Commentary by Rowan Williams
One of my great discoveries a couple of years ago was a Russian poet called Inna Lisnianskaya. Still alive and in enormous old age, she is very much in the great tradition of Russian women poets like Akhmatova, Tsvetaeva, both of whom she's written about. And some of her late poems are again about borderland experiences, about death and bereavement and what emerges from that.

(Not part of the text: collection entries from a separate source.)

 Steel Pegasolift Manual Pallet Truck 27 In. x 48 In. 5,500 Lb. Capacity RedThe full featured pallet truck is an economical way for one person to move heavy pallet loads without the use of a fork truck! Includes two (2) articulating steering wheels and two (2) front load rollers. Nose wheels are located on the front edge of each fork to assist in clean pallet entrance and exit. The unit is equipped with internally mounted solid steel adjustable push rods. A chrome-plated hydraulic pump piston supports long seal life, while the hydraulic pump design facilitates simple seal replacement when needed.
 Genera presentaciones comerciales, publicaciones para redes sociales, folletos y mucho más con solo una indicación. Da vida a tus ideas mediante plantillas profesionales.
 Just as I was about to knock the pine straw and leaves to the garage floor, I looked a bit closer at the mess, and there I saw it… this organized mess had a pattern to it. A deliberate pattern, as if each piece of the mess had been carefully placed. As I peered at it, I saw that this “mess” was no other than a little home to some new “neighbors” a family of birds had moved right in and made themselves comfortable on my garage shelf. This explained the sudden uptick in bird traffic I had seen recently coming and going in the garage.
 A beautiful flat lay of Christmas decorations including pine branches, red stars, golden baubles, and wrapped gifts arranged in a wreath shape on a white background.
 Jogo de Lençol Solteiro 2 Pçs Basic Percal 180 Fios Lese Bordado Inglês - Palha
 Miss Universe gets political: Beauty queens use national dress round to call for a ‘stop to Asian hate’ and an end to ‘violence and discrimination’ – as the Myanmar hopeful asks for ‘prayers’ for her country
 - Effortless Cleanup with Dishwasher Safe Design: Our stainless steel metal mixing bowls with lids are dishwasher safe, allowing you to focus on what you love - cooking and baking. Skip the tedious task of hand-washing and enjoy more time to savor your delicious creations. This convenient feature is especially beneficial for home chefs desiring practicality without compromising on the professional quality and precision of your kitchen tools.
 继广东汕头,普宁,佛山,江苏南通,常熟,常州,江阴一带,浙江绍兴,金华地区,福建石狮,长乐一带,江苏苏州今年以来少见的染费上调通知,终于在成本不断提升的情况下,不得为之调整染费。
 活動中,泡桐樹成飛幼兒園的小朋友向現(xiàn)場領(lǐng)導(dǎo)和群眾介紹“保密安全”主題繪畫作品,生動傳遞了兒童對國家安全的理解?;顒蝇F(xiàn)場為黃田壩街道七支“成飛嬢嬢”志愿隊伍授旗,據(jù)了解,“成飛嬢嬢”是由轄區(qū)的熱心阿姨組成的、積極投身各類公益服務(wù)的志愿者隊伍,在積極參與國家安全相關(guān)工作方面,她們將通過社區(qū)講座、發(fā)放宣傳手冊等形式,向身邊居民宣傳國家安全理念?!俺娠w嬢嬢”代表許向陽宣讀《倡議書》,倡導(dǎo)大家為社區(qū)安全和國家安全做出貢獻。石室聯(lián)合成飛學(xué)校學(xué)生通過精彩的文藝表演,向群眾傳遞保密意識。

I'm going to read first of all, one of her poems in my own translation which is partly about the death of her husband and its setting is fourth floor of a hotel in Jerusalem. But interestingly, and you may find this relevant for this evening, I first read it as looking out from the fourth floor of a hospital, as one sometimes does between visits or when you wander out from sitting by somebody's bed and just look out of a window of a high floor. I think it was partly because it evoked to me some of those experiences when my parents were dying, that it spoke. It's a poem about the memory of love, the presence of challenge and again, what is squeezed out of necessity by that.
So here is
From the Fourth Floor
Inna Lisnianskaya –
My look-out is the mountain peak of the fourth floor;
the eyes are flooded with desert, a seascape
with Bedouin tents blowing full-sail across it,
a mackerel sky, layers of quivering sea-foam.
We came here once together.
The sun has set. A stark white outline tells us
yellow moonrise is on its way, because
the sun and moon don't get divided here;
but you and I do; here's my soul
making a detour of a thousand miles
Round through the Moscow blizzard, where your wheels stuck fast
for good. You left your stick for me, to use it for
a compass needle, and I followed your direction
straight away. Off for a month or so to Bible lands, and never
letting my gaze wander from the sands and their remembering.
Dates blaze in clusters on the palmtrees, eucalyptus
scratches its side against the thorny aloe, and a voice
has been, all day today, crying in the wilderness,
sounding just like that creaking lift in Moscow: just the two
of us, a kiss exchanged as we went up.
Climbing to this fourth floor peak is hard work. But
the desert keeps going up into the sky for ever, you can't tell
camels' humps from clouds up there. And like a car
slipping into its garage, the pine casket slips into this landscape.
The real view's your death; my life is the mirage.
I was so moved and engaged by Lisnianskaya that I wrote a little poem for her, which is again, as like lots of poems, about requited poetry, but it ends with I think one of her greatest images and couplets quoted in translation. A couplet which I think brings together quite a lot of what we've heard from Shakespeare and Keats and Blake. Quite a lot about that experience of being brought up short and being silenced that brings poetry to life, So here's a little poem to finish with,
For Inna Lisnianskaya:
Barefoot, down the long woodland corridors of frost,
over the needles, walks the forgotten
mistress of the king. She smells of grapes,
candles, black furs, of cooking smells
and smoke in a cramped flat. She will disturb
the clinical forest air with haze
and trembling. In the shining kingdom,
in the rich winter malls, she opens for business
with a stall of odds and ends, cheap and irregular,
and scented with a lost indoors. Don't beg,
she says, from the rich, only the poor;
get absolution from the sinner, not the saint.